ACEL Conference 2019 – all about inclusion

Helping to shine a light on a progressive array of topics for the early childhood sector, the NSW Department of Education partnered with ACEL for the second consecutive year, to present the 2019 ACEL Early Childhood Conference in May.

Under the theme 'Sharing responsibility: inclusion in the early years', the conference's diverse roll-call of local and international speakers included researchers, authors, educators, policy makers, psychologists and more.

Speakers highlighted the moral and economic benefits of investing in high quality early childhood education, the importance of play, and how quality means different things to different people.

The authentic representation of diversity was a key theme. Presenters reflected that children need to see themselves represented in their environments, whether that be among the educators they interact with, or in the wider world of community, media and entertainment.

Scottish academic Jane Malcolm focused on the role of love in developing ECE policy, noting the benefits and challenges that childcare professionals face in developing a love-led practice, including the interesting observation that many educators already do this, but they don’t call it love.

Keynote speaker Adam Goodes shared his sentiments on individuality and diversity, focusing on how he dealt with bullying and came out the other side by realising that “I’m good enough just being me”, and that he is now happy with life after AFL.

“If we have these basic life affirming messages about ourselves and others, I believe we can overcome adversity and reinvent our life in constructive ways. I thought Adam demonstrated this in his very positive and self-reflective keynote”, said one participant.

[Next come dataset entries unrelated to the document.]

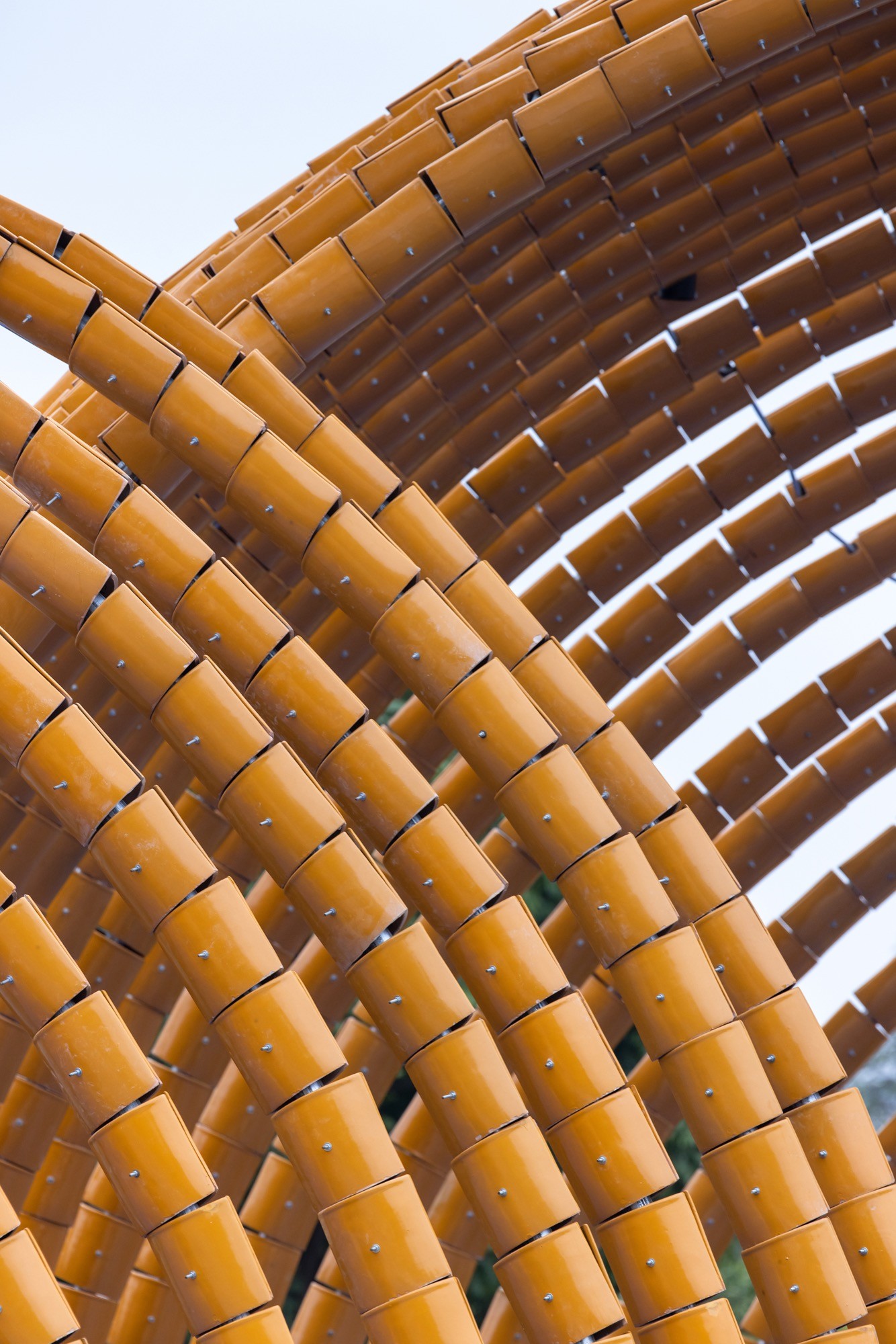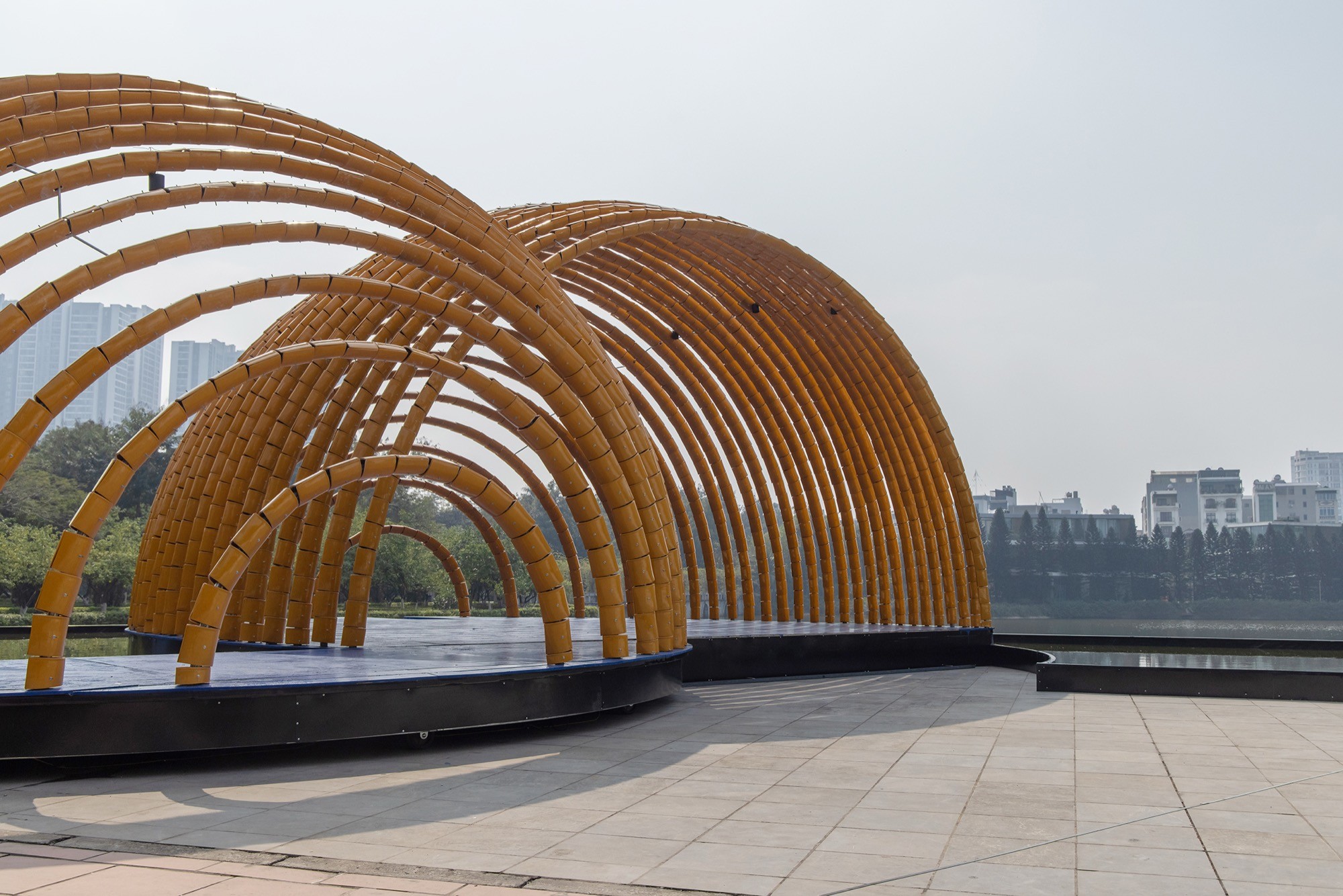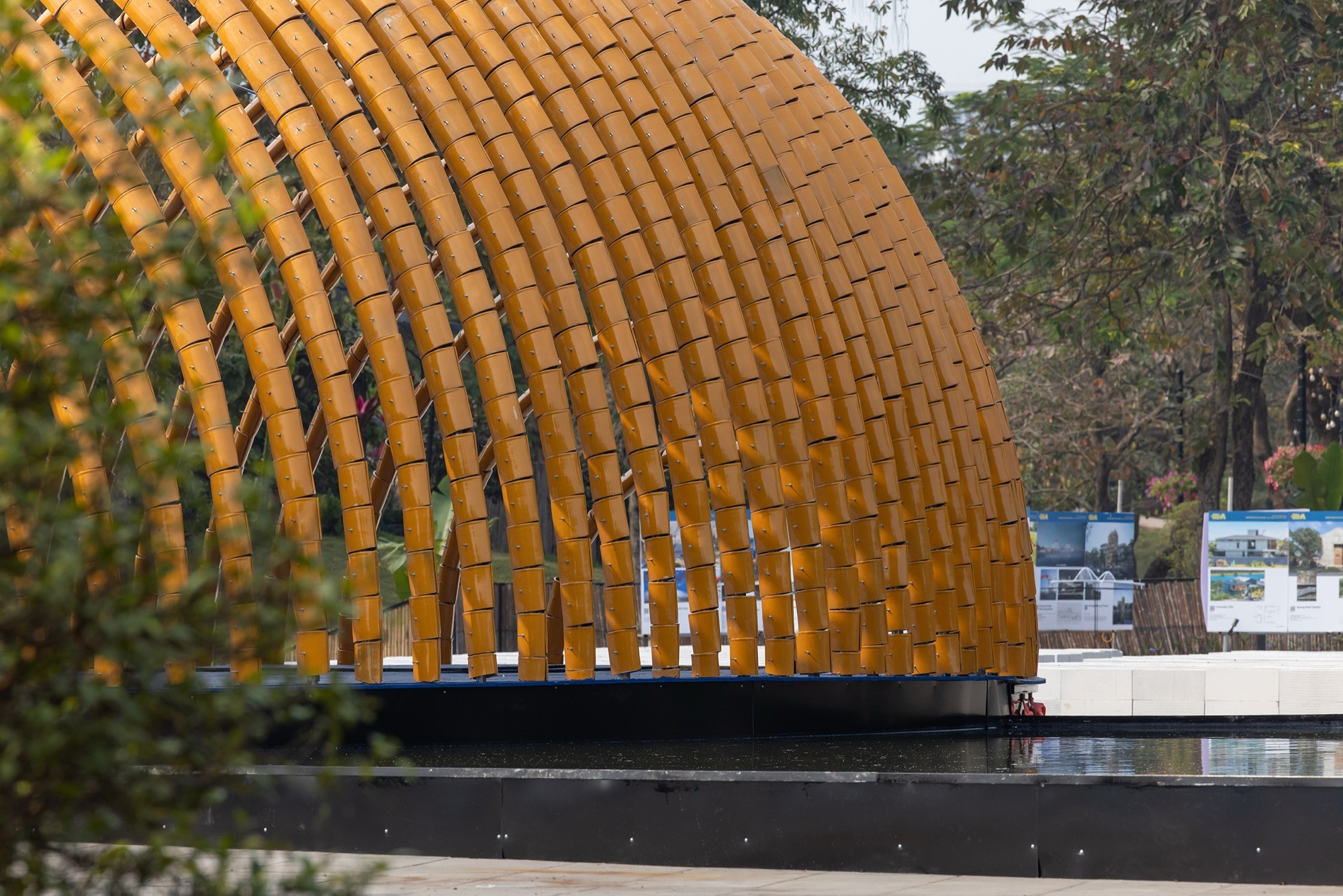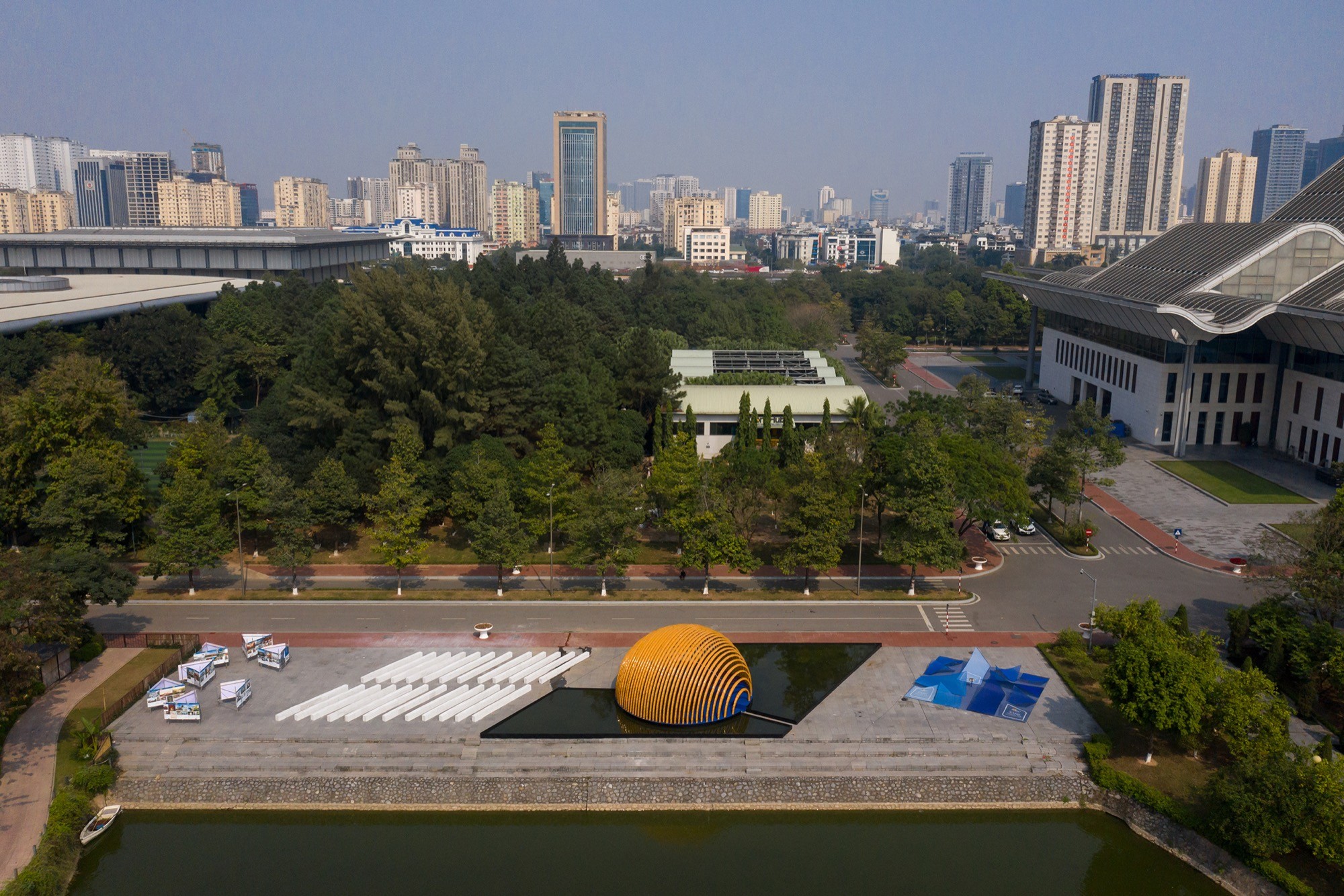 Ngói âm truyền thống tráng men vàng được sử dụng như vật liệu chủ đạo, định hình lớp vỏ với những lớp liên tưởng chồng xếp, từ giọt nước, đốt tre, đến những tia nước vươn lên và vòm trời căng sáng. Ở chiều ngược lại, đó cũng có thể là cơn “mưa vàng” nuôi dưỡng sự sống, một ẩn dụ nhẹ nhàng về chu trình tự nhiên và khả năng tái sinh của đô thị.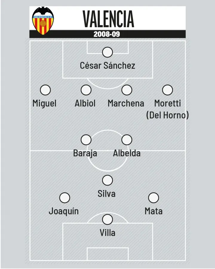 В составе было пять будущих чемпионов мира — Альбиоль, Марчена, Сильва, Мата и Вилья. И всё это под руководством Эмери — мастера организации игры.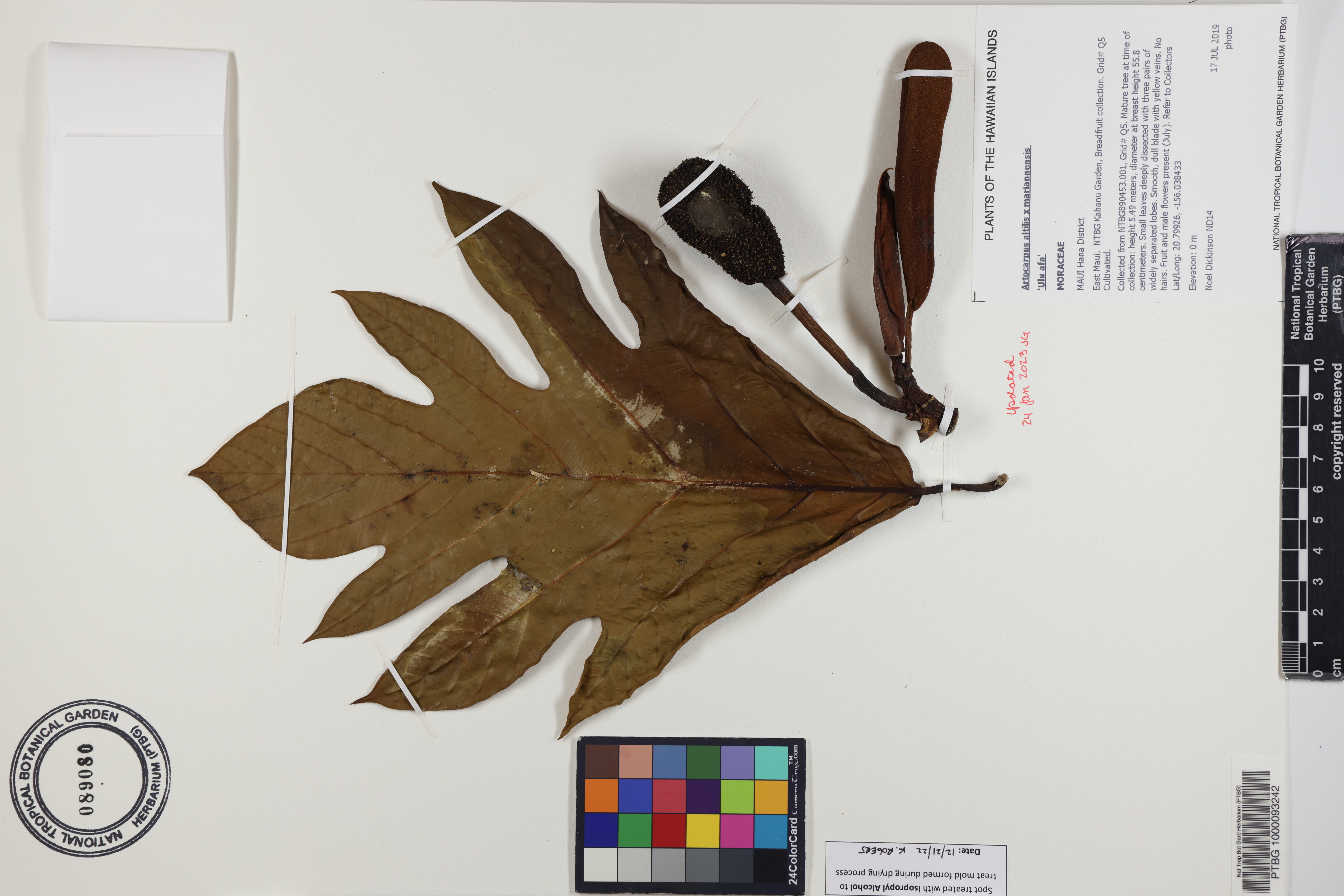 Collected from NTBG890453.001, Grid# Q5. Mature tree at time of collection: height 5.49 meters, diameter at breast height 55.8 centimeters. Small leaves deeply dissected with three pairs of widely separated lobes. Smooth, dull blade with yellow veins. No hairs. Fruit and male flowers present (July). Refer to Collectors ID ND69.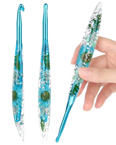 Aeelike 7mm Crochet Hook, Metal Crochet Hooks 7mm with Floral Resin Handle, Ergonomic Crochet Needles for Beginners Adults, Pretty and Interesting Hook Gift for Crochet Lovers(7.0 mm)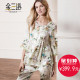 金三塔春夏真丝休闲睡衣桑蚕丝印花薄款七分袖长裤家居服女衣裤套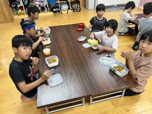 出来上がったカレーを「おいしい!」とニコニコ食べていました。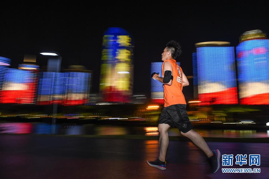 一位市民在海口萬綠園夜跑(5月15日拍攝)。近年來,夜跑成為越來越多都市人熱衷的健身方式之一。在海南??冢慨斠鼓唤蹬R,“夜跑族”來到??谌f綠園、世紀公園等夜跑場所跑步,用一身酣暢淋漓的汗水擺脫白天工作中的壓力,享受跑步帶來的歡愉。新華社記者 蒲曉旭 攝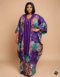 This stunning floor-length kaftan is a masterpiece of vibrant artistry, featuring a rich, multi-colored batik marble print in shades of deep purple, emerald green, and earthy ochre. Meticulously crafted from premium, high-quality polished cotton, the fabric provides a luxurious sheen and a smooth, breathable drape that ensures both comfort and a regal presence. The design is anchored by a structured purple vertical panel along the front, detailed with elegant tonal stripes and a unique set of colorful decorative buttons at the V-neckline, which perfectly complements the sophisticated gold chain wristwatch seen here. This majestic piece is an ideal choice for grand celebrations, upscale cultural ceremonies, or as a high-fashion statement for formal garden parties and evening receptions where you want to radiate effortless elegance and cultural pride.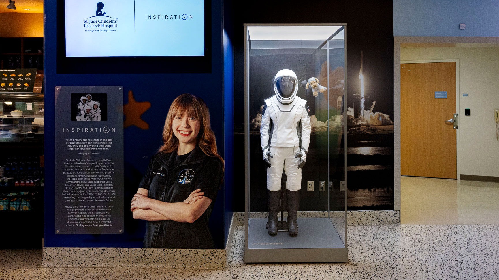 St. Jude Children's Research Hospital has put on display an exhibit dedicated to its former patient and current physician's assistant Hayley Arceneaux, who wore the pressure suit into space on Inspiration4, the first all-civilian privately-funded orbital mission in 2021. (St Jude/ALSAC) |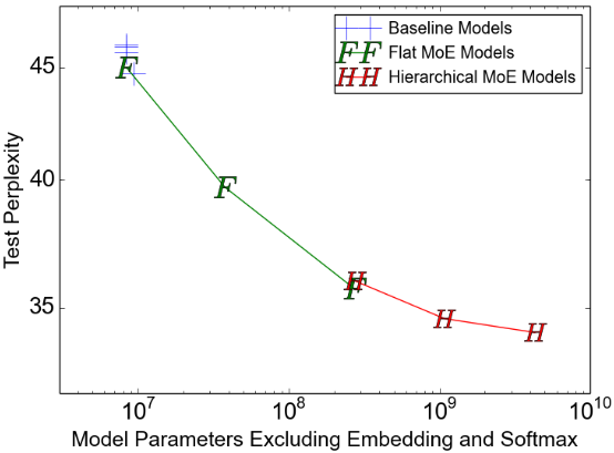 **引入噪声的稀疏门控:**传统的Softmax门控通常会给所有专家分配非零的权重,意味着所有专家都要参与计算,无法节省算力。为此,论文引入了一种带噪声的门控机制:在门控输入中加入可训练的高斯噪声,计算后仅保留权重最大的k个专家(例如k=4),将其余所有专家的权重强制置为负无穷(即概率为0)。如下图所示,这种稀疏性带来了巨大的收益。在保持计算预算(每步约800万次运算)基本不变的情况下,随着专家数量从4个增加到4096个(横轴),模型参数量剧增,但测试集困惑度(纵轴)明显下降。说明条件计算可以在不增加推理成本的前提下,利用海量参数大幅提升性能。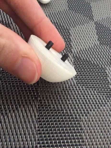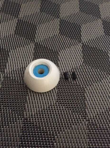 1. Inserte las clavijas de conector recto 2 en los dos agujeros en la parte posterior de cada ojo. (12 ojos en total).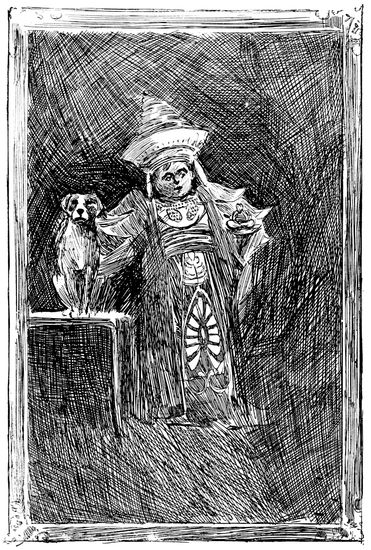 The “Little Baron,” so called from his diminutive stature, was born some time in the latter part of the seventeenth century. He was the last of his race in the direct line, although cousins of his are to-day well-known Pomeranian gentry. He began his travels at an incredibly early age, and filled his castle with such strange objects picked up here and there in the far away corners of the world, that the simple-minded peasantry came to look upon him as half bigwig and half magician—hence the vigrowth of the many myths and fanciful stories concerning this indefatigable globe-trotter. The date of his death cannot be fixed with any certainty; but this much may be said: Among the portraits of Pomeranian notables hanging in the Rathhaus at Stettin, there is one picturing a man of low stature, and with a head much too large for his body. He is dressed in some outlandish costume, and holds in his left hand a grotesque image in ivory, most elaborately carved. The broad face is full of intelligence, and the large gray eyes are lighted up with a good-natured but quizzical look that invariably attracts attention. The man’s right hand rests upon the back of a dog sitting on a table and looking straight out with an air of dignity that shows that he knew he was sitting for his portrait.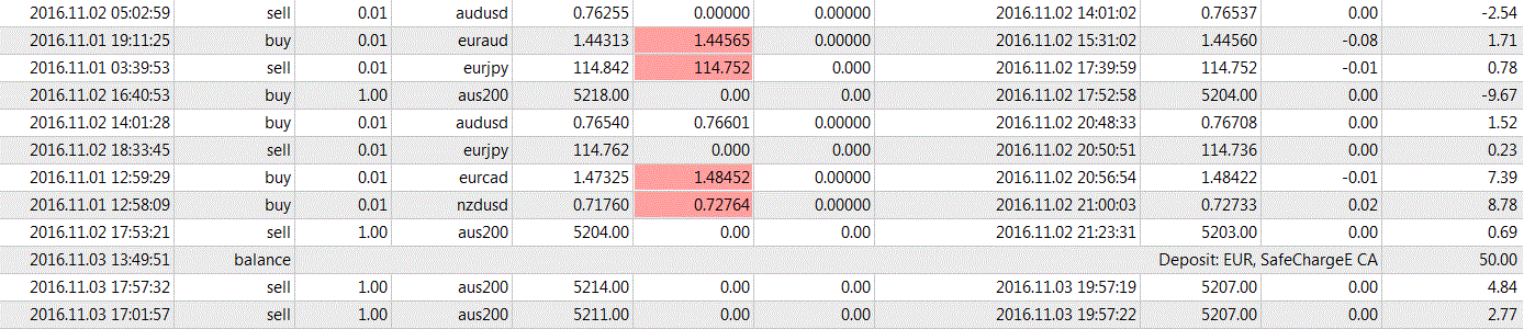 Aqui fica a tabela dos negócios fechados hoje que se saldou num lucro de € 10,57.

'How to attract and retain staff in regional and remote areas' was also a popular topic. Auntie Julie mentioned that in her experience, having practical placements for undergrads and high school students was a great way to make potential educators feel welcome in a community.

Dr Susan Linn, child psychologist and ventriloquist, explored the role of make-believe, and reminded the audience that a good toy should be 10% toy, 90% child. This ratio gives the child a chance to use their imagination and bring life to the toy, whether it’s building blocks, bubbles or a spaceship.

A common theme throughout the day was that ‘no child has barriers- there are only environmental barriers’-  a sentiment that is relevant for everyone working in early childhood education worldwide.